You are viewing a plain text version of this content. The canonical link for it is here.
Posted to user@nutch.apache.org by Ken Krugler <kk...@transpac.com> on 2009/08/26 16:34:22 UTC

Re: Is Nutch purposely slowing down the crawl, or is it just really really inefficient?

Hi Paul,

Yes, Nutch does in fact slow down the crawl to be considered "polite".

wget doesn't.

If the sites you are crawling are under your control, or you have an  
understanding with the site ops people, then you can alter Nutch's  
default settings to make it run at near full speed.

-- Ken


On Aug 26, 2009, at 6:55am, Paul Tomblin wrote:

> I'm trying to crawl three tiny little sites with Nutch, and it takes
> 45 minutes.  To copy the same files to my local hard drive using wget
> takes between 35 seconds and a minute.  What is Nutch doing that
> causes it to take 45 times as long?
>
> -- 
> http://www.linkedin.com/in/paultomblin

--------------------------
Ken Krugler
TransPac Software, Inc.
<http://www.transpac.com>
+1 530-210-6378


RE: Is Nutch purposely slowing down the crawl, or is it just really really inefficient?

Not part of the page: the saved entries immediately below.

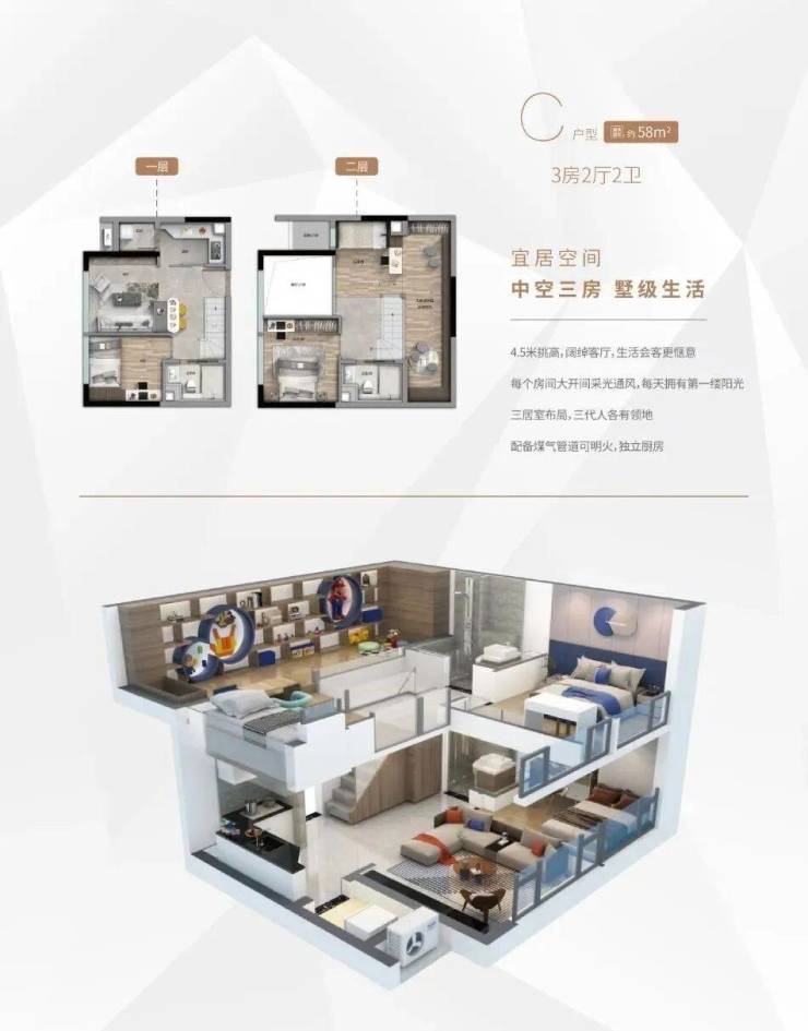 值得一提的是,A户型是双钥匙设计,方便后期出租管理。C户型更是设计了厨房,接通燃气管道可明火。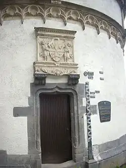 Die stadtseitige Tür weist eine Kielbogenrahmung aus Basaltlava mit Eselsrückenstab zwischen Hohlkehlen auf, der Sockel des Stabes mit wechselnd schräg gelegten Hohlkehlen und Perlstäben. Das landseitige Originaltuffrelief gleicher Ausführung vom selben Künstler ging um 1800[5] verloren und wurde 1894, 340 Jahre nach Baubeginn und circa 100 Jahre nach Verlust des landseitigen Wappensteins durch ein neues Relief ersetzt, das das Wappen von zwei kleinen Engelsfiguren gehalten zeigt und die Jahreszahlen „1554“ und „1894“ trägt.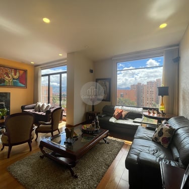 Su zona social destaca por una sala amplia de tres ambientes con chimeneas, comedor independiente y una cocina completamente dotada con isla central, comedor auxiliar, zona de ropas independiente y alcoba de servicio con baño privado. El apartamento está rodeado por terrazas en los costados, ideales para disfrutar del entorno natural.

Posted by Fuad Efendi <fu...@efendi.ca>.
Only if website provides "Last-Modified: " "Etag: " response headers for
initial retrieval, and only if it can understand "If-Modified-Since" request
header of Nutch... However, even in this case Nuth must be polite and not
use frequent requests against same site, even with "If-Modified-Since"
request headers, - each HTTP request is logged, fresh response might be sent
indeed instead of 304, and each one (even 304) needs to establish TCP/IP,
Client-Thread, CPU, etc. - to use server-side resources.


You can have several threads concurrently accessing same website with crawl
delay 0 only and only if this website is fully under your control and
permission.


-Fuad
http://www.linkedin.com/in/liferay
http://www.tokenizer.org



-----Original Message-----
From: ptomblin@gmail.com [mailto:ptomblin@gmail.com] On Behalf Of Paul
Tomblin
Sent: August-26-09 1:36 PM
To: nutch-user@lucene.apache.org
Subject: Re: Is Nutch purposely slowing down the crawl, or is it just really
really inefficient?

On Wed, Aug 26, 2009 at 1:32 PM, MilleBii<mi...@gmail.com> wrote:
> beware you could create a kind of Denial of Service attack if you search
the
> site too quickly.
>

Well, since I fixed Nutch so that it understands "Last-Modified" and
"If-Modified-Since", it won't be downloading the pages 99% of the
time, just getting a "304" response.

-- 
http://www.linkedin.com/in/paultomblin



Re: Is Nutch purposely slowing down the crawl, or is it just really really inefficient?

Posted by Paul Tomblin <pt...@xcski.com>.
On Wed, Aug 26, 2009 at 1:32 PM, MilleBii<mi...@gmail.com> wrote:
> beware you could create a kind of Denial of Service attack if you search the
> site too quickly.
>

Well, since I fixed Nutch so that it understands "Last-Modified" and
"If-Modified-Since", it won't be downloading the pages 99% of the
time, just getting a "304" response.

-- 
http://www.linkedin.com/in/paultomblin

Re: Is Nutch purposely slowing down the crawl, or is it just really really inefficient?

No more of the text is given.